One of the most challenging parts of testing is dealing with granularity. On the integrated end of the spectrum, we can write an end-to-end test to drive a web application via Selenium for instance. On the isolated end of the spectrum, we can test a single pure function like so:
expect(standardDeviation([1, 2, 4])).toEqual(1.52753)
To the extent we want to to increase granularity, we can approach the problem from the top or bottom of the call stack. For instance, if a()
calls b()
, we can increase granularity by calling a()
and mocking b()
. Or we can isolate from the bottom up, by directly calling b()
. We can even do both. Suppose b()
calls c()
; then we can directly call b()
but mock c()
, thus isolating b()
from a()
at top, and c()
at the bottom.
Thesis
My thesis is that developers routinely make suboptimal decision about the level of isolation, both from the top and bottom.
Goals
How do we define what is optimal? The best set of succinct test goals I’ve found is “Four Goals of a Good Test Suite” by the inimitable Matthew Kane Parker, head of engineering at Pivotal Labs. They are as follows (summaries mine):
- Fast: A slow test suite reduces our productivity.
- Clean: A complex test suite is hard to maintain, and makes it hard to identify the culprit when tests fail.
- Confidence: We should trust that if our tests are green, the code does what it’s supposed to, and we can deploy.
- Freedom: Tests should make it easier to refactor, not harder. This generally means they should focus on behavior over implementation.
Let’s see how these goals are served by various testing approaches. Let’s consider our standardDeviation()
method from the test code above. Suppose it looks like this.
function standardDeviation(values){
var avg = MathExtras.average(values);
var squareDiffs = values.map(function(value){
var diff = value - avg;
var sqrDiff = diff * diff;
return sqrDiff;
});
var avgSquareDiff = MathExtras.average(squareDiffs);
var stdDev = Math.sqrt(avgSquareDiff);
return stdDev;
}
This code depends on both MathExtras.average()
and on Math.sqrt()
. Yet it would be hard to imagine a reasonable person suggesting we mock out (technically, stub out—although I’ll use “mocking” and “stubbing” fairly interchangeably throughout) those two methods. What would would be the benefit?
- The performance benefit would be negligible, or likely even negative. These aren’t exactly password-cracking functions.
- Because those methods are queries not commands, we don’t have to add any duplicative code to our test to verify their side effects, so there’s no DRY-ness savings to mocking either.
- Because our test calls all the way through, it gives us high confidence in our result.

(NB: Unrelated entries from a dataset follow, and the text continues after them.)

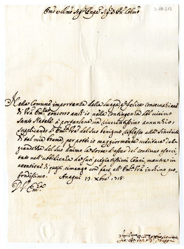 Lettera di Giovanni Battista vescovo di Anagni ad Annibale Albani (1718 dicembre 13)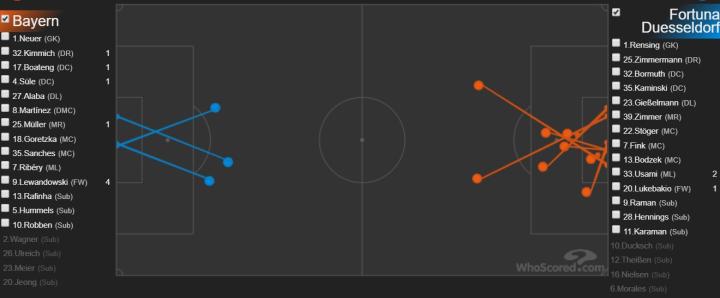拜仁牢牢占据着场上的主动,几乎就没给对手半点挣扎的机会。虽然全员退守的杜塞尔多夫利用宽度覆盖很好地限制了拜仁的边路进攻,但他们的反击最多推进到中场就逃不开被拦截的命运,诺伊尔不跑到中圈就没什么上镜的机会。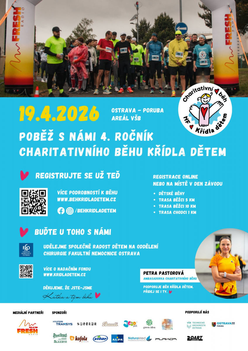 Co ještě dodat závěrem? Snad je pozvánku na tuto krásnou akci, kterou chce podpořit i náš klub. A to svou aktivní účastí. Určitě se do areálu VŠB v Porubě zajděte podívat nebo se nejlépe registrujte na tento běh. „Rádi bychom všechny srdečně pozvali na 4. ročník charitativního běhu Křídla dětem, který se uskuteční v neděli 19. dubna 2026 v areálu VŠB - Technické univerzity Ostrava v Porubě. Připraveny jsou tratě pro děti i dospělé - dětské běhy, 5 km, 10 km i kilometrová trasa pro chodce. Přijďte si zasportovat, užít si příjemnou atmosféru a zároveň pomoci dobré věci. Každý krok pomáhá dětem, které to opravdu potřebují. Děkujeme," dodává závěrem s úsměvem na tváři Monika Struminská.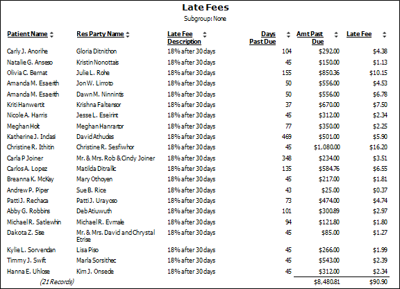(Optional but highly recommended.) Run the Late Fees report to obtain a list of accounts with late fees ready to be posted. The report includes both the patient and the responsible party names, late fee policy description, number of days the account is past due, the total amount past due, and the amount of the pending late fee. Once late fees are posted to your accounts, they no longer appear on this report. See "Late Fees Report" for details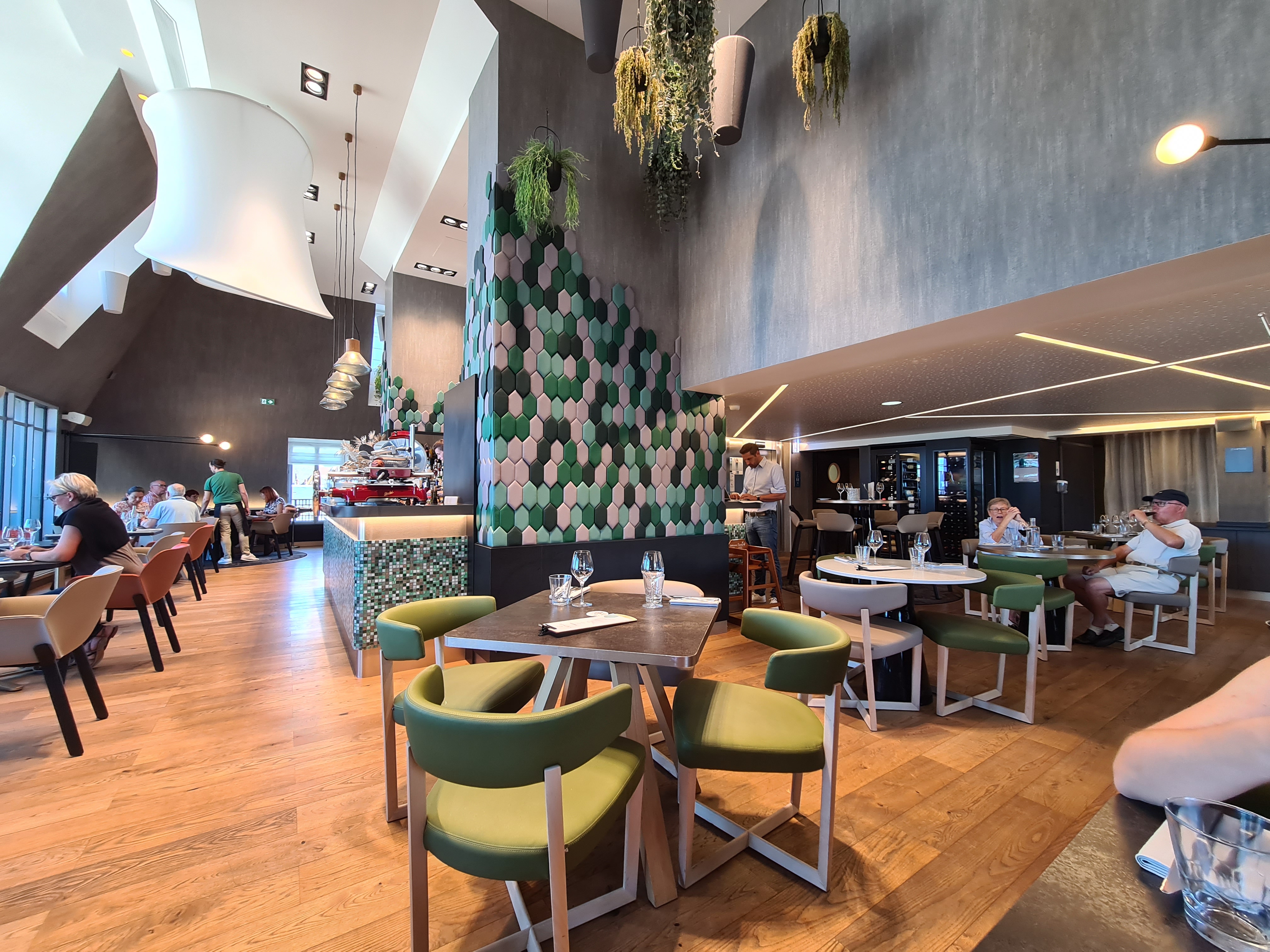 Mitigée... points positifs : le personnel, vin resservi régulièrement, à peine on fait tomber une fourchette qu on nous la ramasse et nous la change,on passe régulièrement demander si tout va bien. Service impeccable, grande gentillesse. Mention spéciale pour le barman au polo vert, incroyable, impressionnant, concentré sans faire la moindre seconde de pause, sur tous les fronts, seul à faire le boulot de 3 personnes selon moi, et tout ça avec le soleil dans le visage..bravo. Plats à la carte relativement copieux, bons, le hamburger me semble un bon rapport qualité prix. Pas de place en terrasse dommage je la pensais plus grande...points négatifs : le ménage, l énorme suspension Blanche au dessus du bar est couverte de gros moutons de poussière visible à l oeil nu, et qui forcément avec la clim ou le vent de la terrasse fini par tomber au sol, et donc....ensuite les gros pieds en bois de ma table, d un inconfort total, je me cognais les genoux dedans quoique je fasse, très désagréable. Et ma plus grosse déception : le menu enfant...portion de poisson minuscule...et que dire des desserts proposés...pompote, glace bi goût en pot, fromage blanc...si nous les adultes allons au restaurant pour manger des choses différentes du quotidien,c est également valable pour les enfants. déçus, surtout quand ils voient les desserts adultes arrivés..j ai donc mangé le bol de fromage blanc des plus banals, type cantine.....et laissé mon dessert à ma fille... Le menu enfant devrait vraiment être reconsidéré..🙏
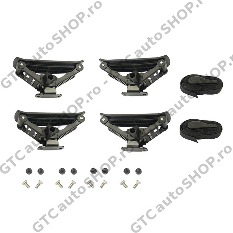 Transportati-va caiacul, barca sau schiurile de surf cu aceste suporturi unice pentru barci, care au fost proiectate pentru a gazdui o varietate de forme si dimensiuni de carena si este ideal pentru placi mai mari, cum ar fi SUP-urile si placile de windsurf. Setul include patru suporturi, fiecare cu o sa pivotanta independenta si o parghie de setare a unghiului de fixare. Tampoanele sale flexibile protejeaza carena si vine cu doua curele de fixare ce au catarame.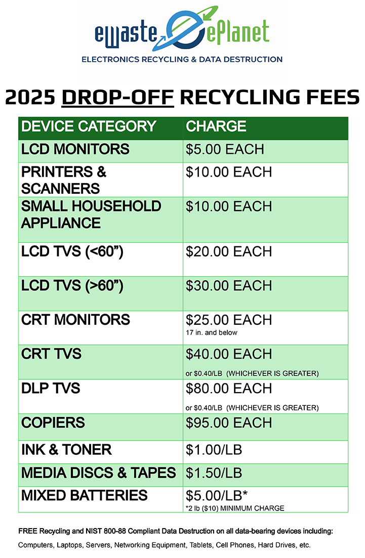 If you are a business, please reach out for a quote specific to your total equipment mix! We are typically able to waive any potential recycling fees for most commercial pickups!
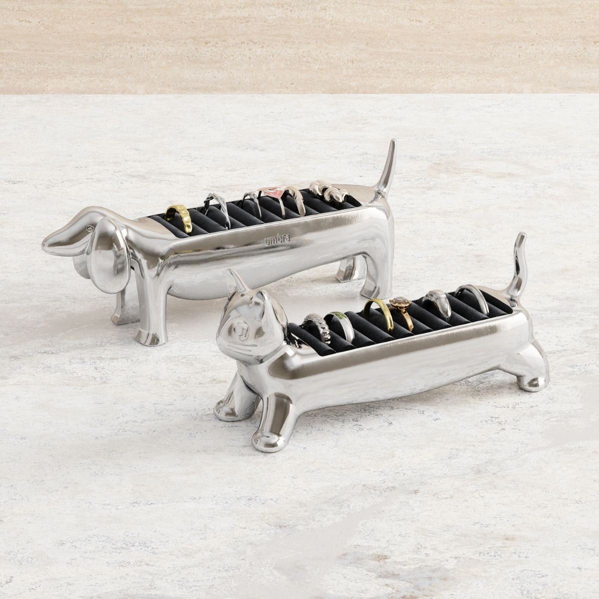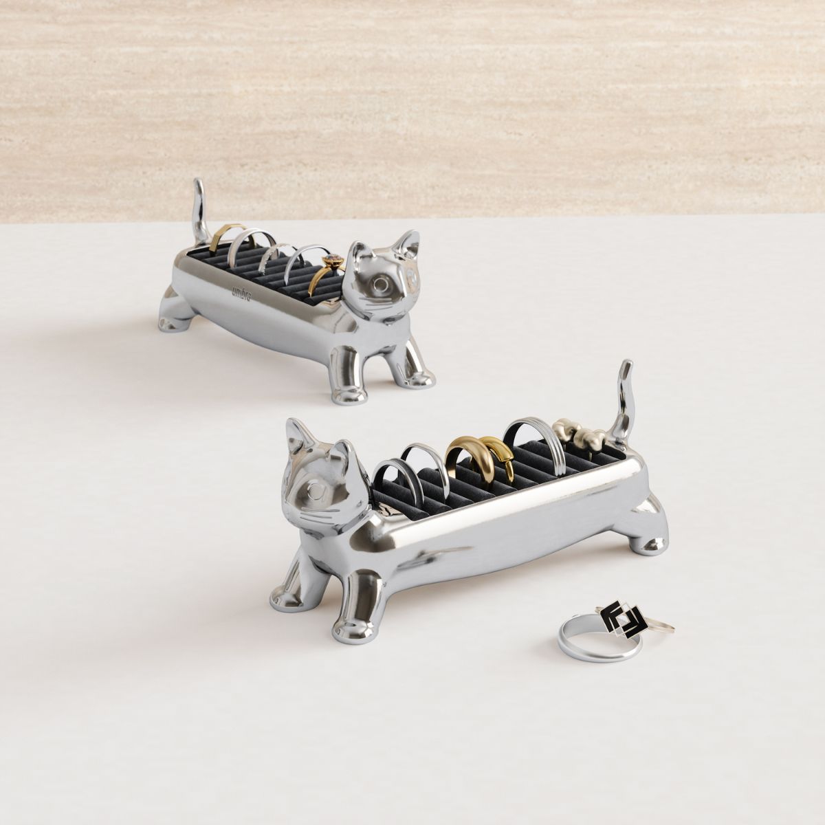 Faceți cunoștință cu Ali Cat, un suport pentru inele inspirat de farmecul jucăuș al pisicilor munchkin, o rasă cu picioare scurte. Conceput cu pernițe căptușite cu catifea pentru a vă păstra inelele în siguranță și fără zgârieturi, Ali Cat poate susține până la 9 inele, fiind la fel de practic pe cât este de adorabil. Fie că este așezat pe o noptieră, o comodă sau un birou, acest accesoriu fantezist adaugă o notă de distracție felină oricărui spațiu. Ali Cat este cadoul suprem pentru orice iubitor de pisici din viața dumneavoastră. Fabricat din metal, cu un finisaj cromat lucios, acest accesoriu adorabil este atât robust, cât și elegant. Fiecare piesă este lustruită manual cu grijă, fiecare articol având propriul caracter și strălucire unică. Pot apărea mici variații în finisaj datorită naturii lucrate manual a produsului.

- Because our test is completely agnostic to implementation details, it leaves us free to refactor without having to change our test. We could substitute
FastMathLibrary.sqrt()
and our tests would still happily pass.
Now let’s contrast this with some code that would be better with mocking.
def delete_user(user)
File.delete(user_data_file_path(user))
# Many lines of code we don't care about for this example...
end
If we let the File.delete()
call through, it’ll raise an error No such file or directory
. But if we create a file in our test, then we have to add test code to assert it was deleted. One could reasonably complain that, aside from testing that we passed the right args to File.delete()
, this bloats our test with duplicative testing of the File.delete()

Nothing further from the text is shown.